═════ Task material ═════

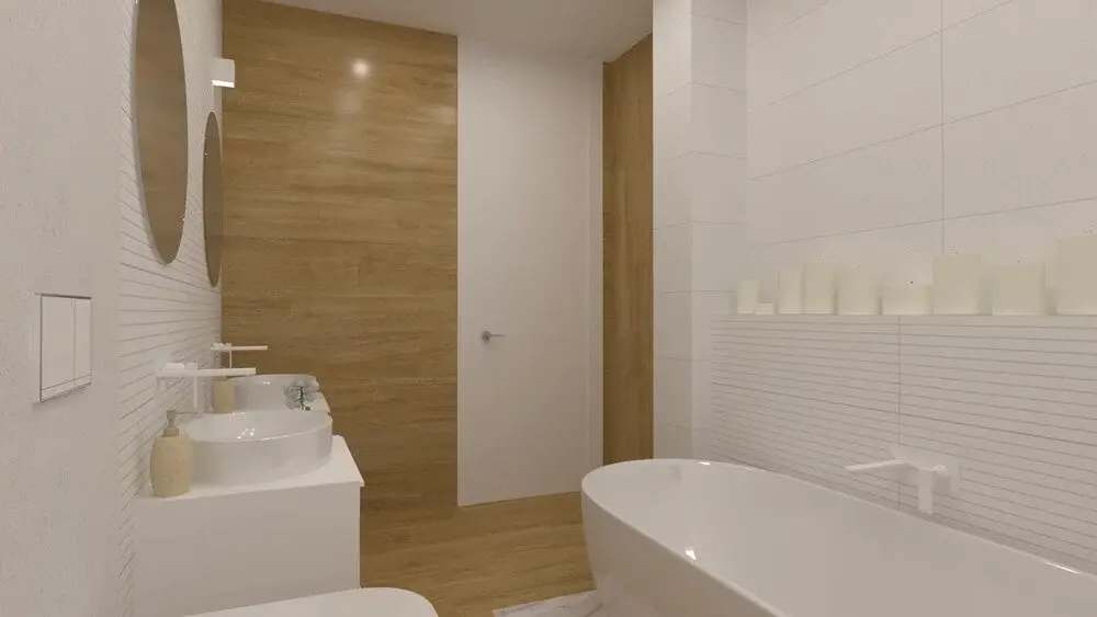 Es la opción perfecta si te gusta el estilo Minimalista Cálido o Japandi. Fíjate en cómo funciona en el baño de la imagen: las líneas del azulejo dialogan con la calidez de la madera del suelo y el mueble, creando un espacio equilibrado, limpio y muy arquitectónico.
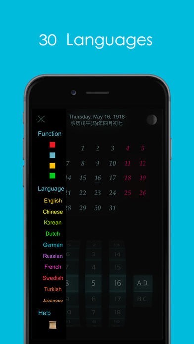 アプリには複数の暦が収録されています。中国の太陰暦やイスラム暦のほか、韓国のカレンダーやユリウス日にも対応しています。いろんな暦にふれられる機会を与えてくれます。
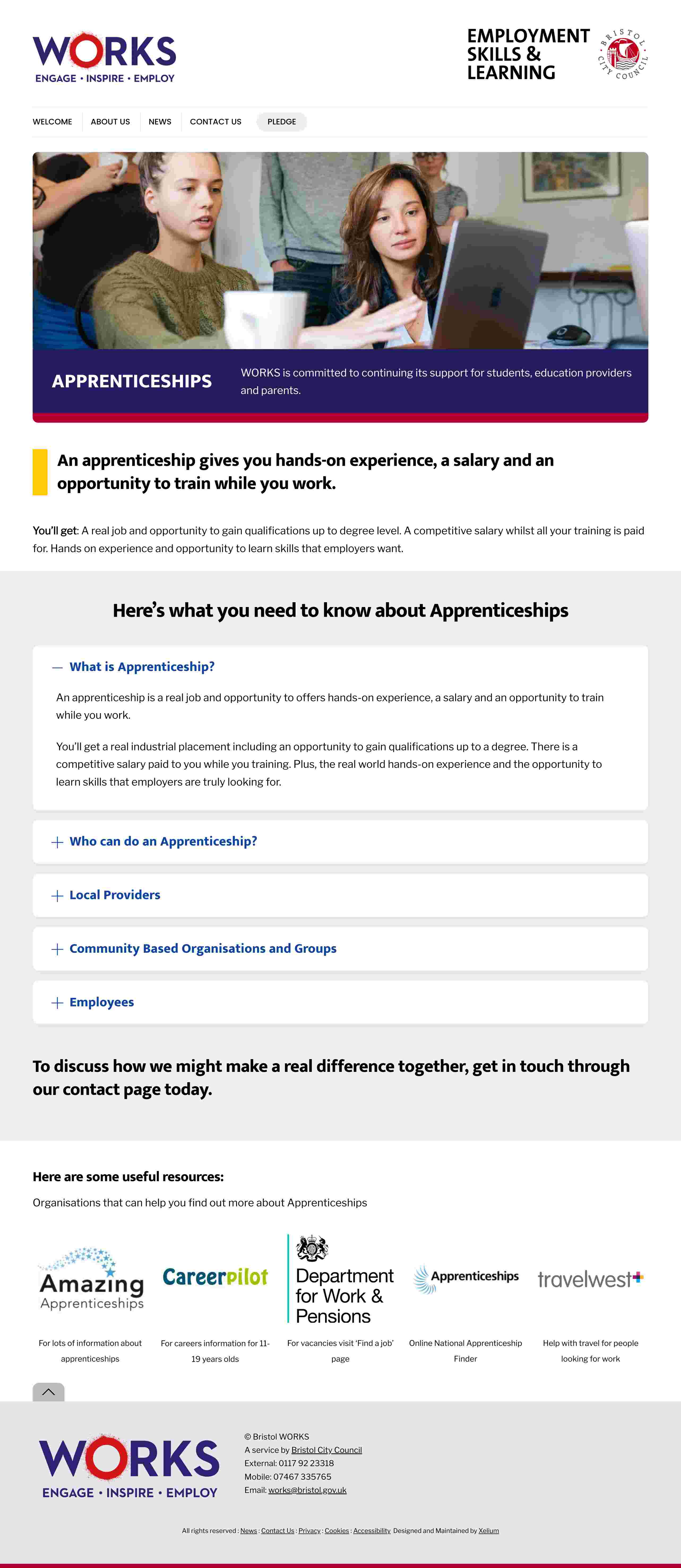 Including resource links makes the page more useful and positions Bristol WORKS as a helpful guide rather than simply an information provider.
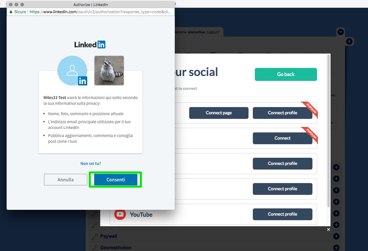 6. You'll be redirect to a Linkedin page where you have to confirm the informations that the app will recive.
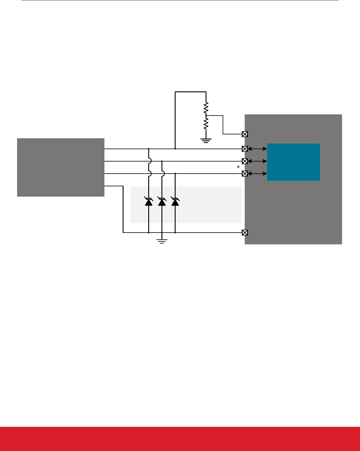 page 8, and Figure 2.6 Self-Powered Connection Diagram for USB Pins on page 9 to reflect new SP0503BAHTG protection device
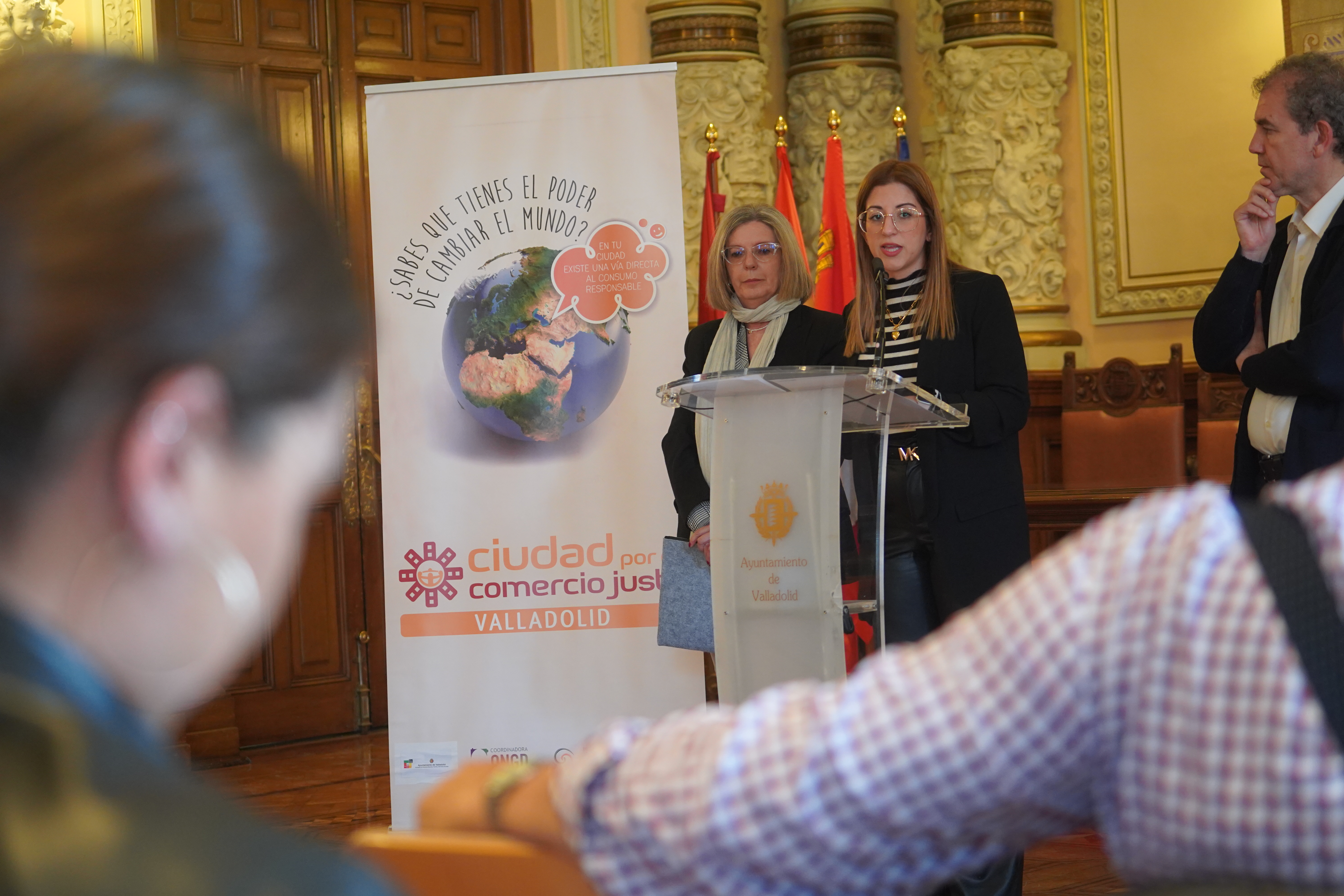 La concejala de Juventud, Carolina del Bosque, ha presentado hoy en la Casa Consistorial las actividades organizadas para celebrar el Día Mundial del Comercio Justo, que se conmemora el segundo sábado del mes de mayo, y que coincide en esta ocasión con el día 11 del presente mes. Ha estado acompañada por María del Rosario Rivero Martín, técnico de Cooperación Internacional para el Desarrollo de la Universidad de Valladolid, y por Jesús Gómez Pérez, en representación de la Plataforma Vallisoletana de Comercio Justo de la Coordinadora de ONGD de Castilla y León.
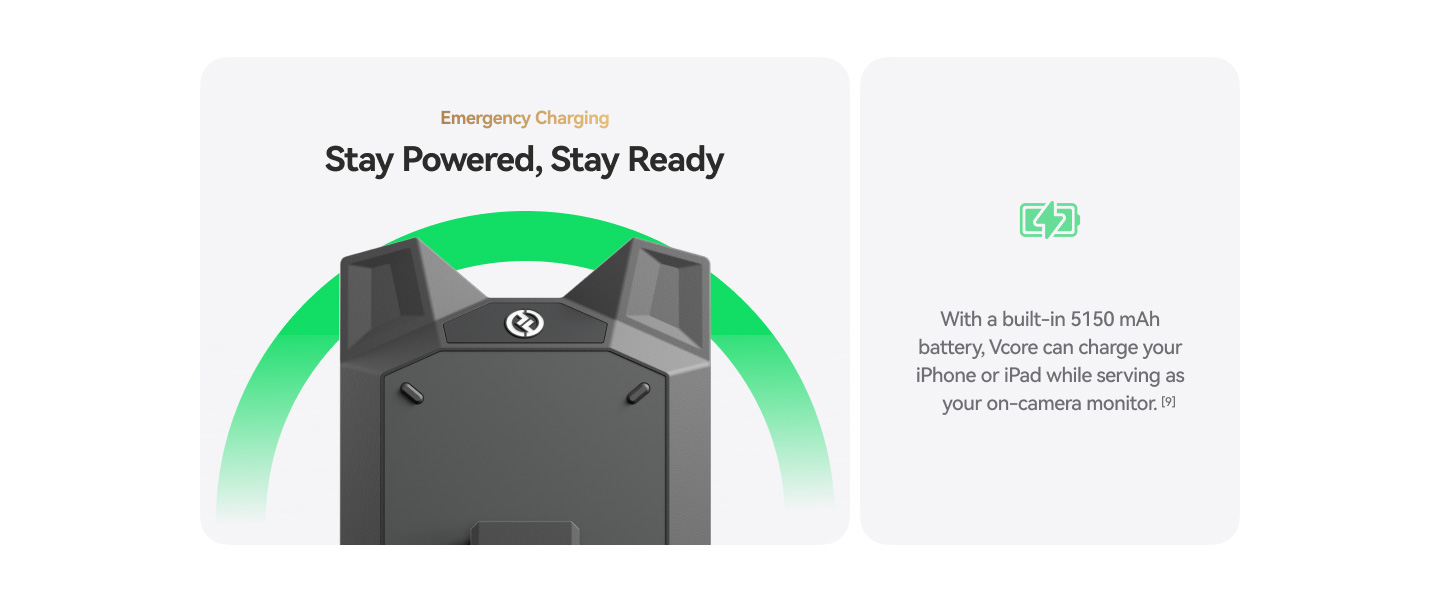 Vcoreは内蔵の5150mAhバッテリーを使用して、オンカメラモニターとして動作しながら、iPhoneやiPadへの給電にも対応しています。
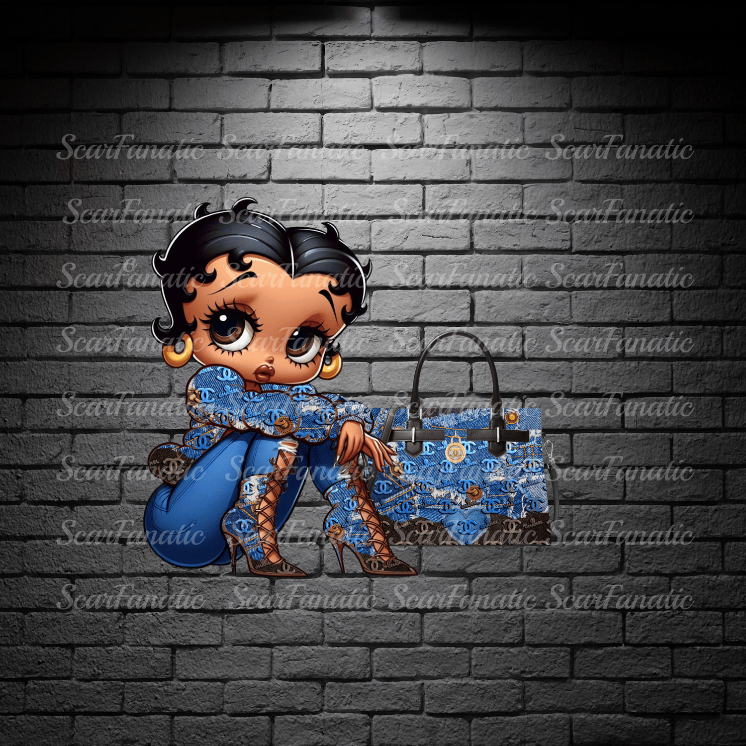 Betty Boop in Denim Chnl Jacket with Matching High Heels and Gold Earrings, Denim Chnl Purse, Sublimation, PNG, DTF, 300DPI, high resolution

═════

■ What you are asked to do ■
Leave every picture out, and repeat exactly the lines from the one containing "アプリには複数の暦が収録され" through the last line of the entries, both ends included.

■ Completed task ■
 アプリには複数の暦が収録されています。中国の太陰暦やイスラム暦のほか、韓国のカレンダーやユリウス日にも対応しています。いろんな暦にふれられる機会を与えてくれます。
 Including resource links makes the page more useful and positions Bristol WORKS as a helpful guide rather than simply an information provider.
 6. You'll be redirect to a Linkedin page where you have to confirm the informations that the app will recive.
 page 8, and Figure 2.6 Self-Powered Connection Diagram for USB Pins on page 9 to reflect new SP0503BAHTG protection device
 La concejala de Juventud, Carolina del Bosque, ha presentado hoy en la Casa Consistorial las actividades organizadas para celebrar el Día Mundial del Comercio Justo, que se conmemora el segundo sábado del mes de mayo, y que coincide en esta ocasión con el día 11 del presente mes. Ha estado acompañada por María del Rosario Rivero Martín, técnico de Cooperación Internacional para el Desarrollo de la Universidad de Valladolid, y por Jesús Gómez Pérez, en representación de la Plataforma Vallisoletana de Comercio Justo de la Coordinadora de ONGD de Castilla y León.
 Vcoreは内蔵の5150mAhバッテリーを使用して、オンカメラモニターとして動作しながら、iPhoneやiPadへの給電にも対応しています。
 Betty Boop in Denim Chnl Jacket with Matching High Heels and Gold Earrings, Denim Chnl Purse, Sublimation, PNG, DTF, 300DPI, high resolution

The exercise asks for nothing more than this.